You are viewing a plain text version of this content. The canonical link for it is here.
Posted to user@nutch.apache.org by Zaihan <za...@unrealasia.net> on 2009/07/13 14:57:59 UTC

Integrating Nutch frontend with Backend.

Hi All,

I've gotten nutch frontend and backend working.

But at the Nutch site I see something is missing - Where do I go to
"linking" up the frontend with the backend data (such as crawl data).

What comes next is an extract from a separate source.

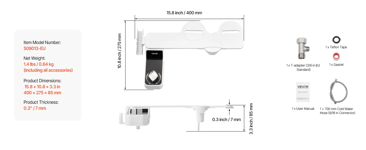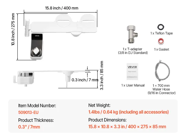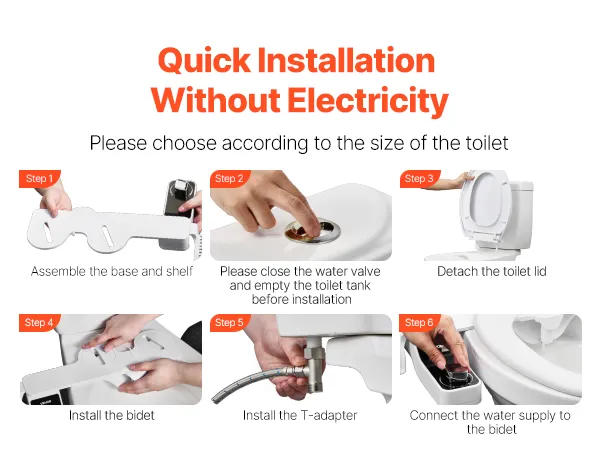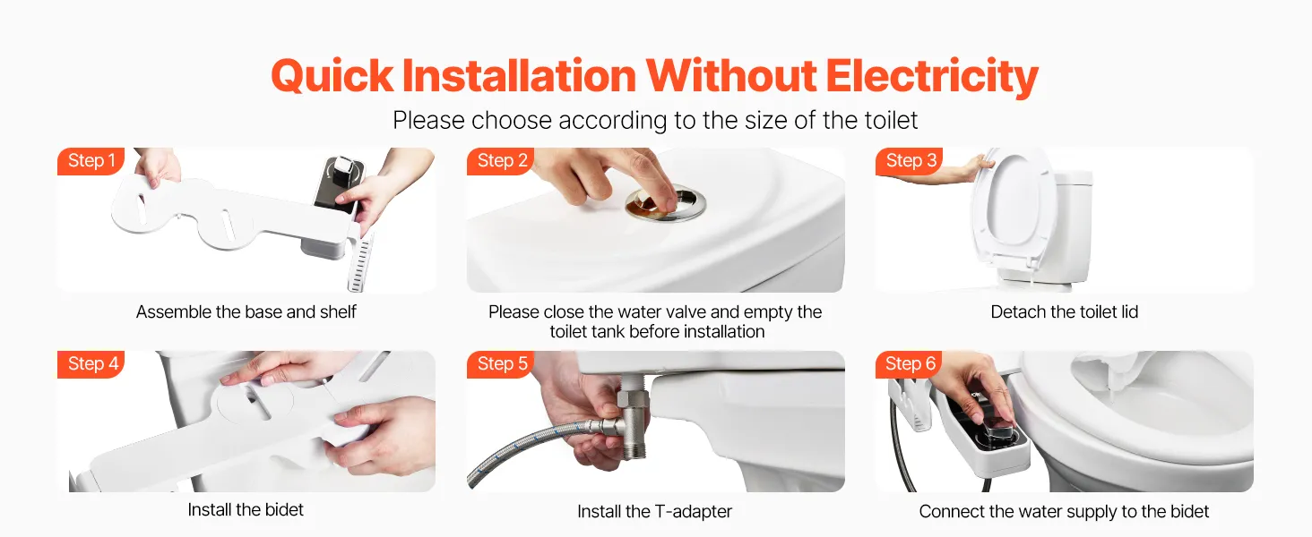 Dieser Toilettensitz-Bidetaufsatz ist einfach zu installieren – kein Strom, kein Spezialwerkzeug und kein Klempner erforderlich. Messen Sie Ihre Toilette einfach vor dem Kauf aus. Tipp: Vermeiden Sie ein zu festes Anziehen der Sitzschrauben, um das Bidet waagerecht zu halten.

<excerpt from Nutch 0.8 tutorial>
Searching

Simplest way to verify the integrity of your crawl is to launch NutchBean
from command line:

bin/nutch org.apache.nutch.searcher.NutchBean apache

After you have verified that the above command returns results you can
proceed to setting up the web interface.

To search you need to put the nutch war file into your servlet container.
(If instead of downloading a Nutch release you checked the sources out of
SVN, then you'll first need to build the war file, with the command ant
war.)

Assuming you've unpacked Tomcat as ~/local/tomcat, then the Nutch war file
may be installed with the commands:

rm -rf ~/local/tomcat/webapps/ROOT*
cp nutch*.war ~/local/tomcat/webapps/ROOT.war

<question>
**************The webapp finds its indexes in ./crawl, relative to where you
start Tomcat, so use a command like:**********  <-- Where to put "./crawl"
data? In the root directory? ~/local/tomcat/webapps/ROOT? 
</question>

~/local/tomcat/bin/catalina.sh start

Then visit http://localhost:8080/ and have fun!

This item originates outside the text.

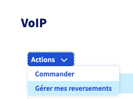 Cliquez sur le bouton Actions puis sur Gérer mes reversements.

Re: Integrating Nutch frontend with Backend.

Posted by Alex McLintock <al...@gmail.com>.
Hello Zaihan,

So you have your servlet container running providing a web application
- but it doesnt know where your crawled data is....

Find the nutch-site file something like

/var/lib/tomcat6/webapps/ROOT/WEB-INF/classes/nutch-site.xml

And make sure it contains something like

<configuration>
 <property>
          <name>searcher.dir</name>
          <value>/local/data/nutch_runs/mytestrun/crawl/</value>
     </property>
</configuration>


The instructions I have seen almost all assume that the servlet can
deduce this parameter by starting Tomcat in the test run/crawl
directory. That of course is difficult when your servlet container is
started by init scripts at boot up time.

Goodluck

Alex



2009/7/13 Zaihan <za...@unrealasia.net>:
> Hi All,
>
> I've gotten nutch frontend and backend working.
>
> But at the Nutch site I see something is missing - Where do I go to
> "linking" up the frontend with the backend data (such as crawl data).